The problem of course is that we so often fill our time with what WE think we need or what others expect of us. It doesn’t work quite like that here – our conditioned auto-pilot is often quite simply not allowed to function. The intensity of life challenges the foundations of what we do and what we think on a daily basis. That happens wherever we are obviously but somehow here, because of the intensity, it’s not so easy to brush the challenges aside. In India you have to be pretty entrenched in your beliefs not to be affected by a very different view of the world, alien to most of us, which constantly shocks, amuses and seduces us into new, exciting and unknown territories.
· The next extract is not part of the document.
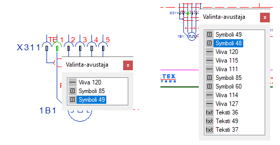 Lisättiin valinta-avustaja, joka helpottaa tietyn kuvaelementin valinnassa kun alueella on suuri määrä muita kuvaelementtejä. Valinta-avustaja tulee voimaan kun hiiren kursorin jättää hetkeksi lepäämään kuvaelementtien päälle. Lyhyen odotuksen jälkeen hiiren kursorin kuvake vaihtuu hiiren kuvakkeeksi, jonka jälkeen valinta-avustajan valintadialogi avautuu hiiren toisen napin painalluksella.

It would be foolhardy, if not downright churlish, not to embrace the revelations to be discovered.

The best advice I ever had about visiting India was when I left England for the Himalayas in the mid-70’s and it came from a shop-keeper in Paddington, England. “Whatever you expect India to be or whatever you expect you might find there, I can guarantee it will be something completely different that you see and discover.” How right he was then – and still is now. This country has a unique and curious alchemy that continually surprises, bewilders and rejuvenates.

We saw a dozen dolphins cruise along the beach, not a hundred yards from shore – a sight to make the heart leap. A young novice offered me a prayer and it felt like my soul had been brushed by butterfly wings. I have been confined to my room for five evenings – my foot wrapped in bandages. It’s supposed to be sunny but we have tropical rainstorms which are dazzlingly beautiful as waves of blue lightning blaze through the coconut groves. We have seen temple elephants, butterflies and rare tropical birds.

Tomorrow? … well … exactly.

Metallica will have to wait until I get back to Blighty. The wooden keyboard I’m using requires a sledge-hammer to operate the Shift Key. That and the steam-driven hard-drive conspire to destroy spontaneity and to inhibit the number of sentences I can write without resorting to using the sledge-hammer to put this pathetic bloody-minded machine out of its misery.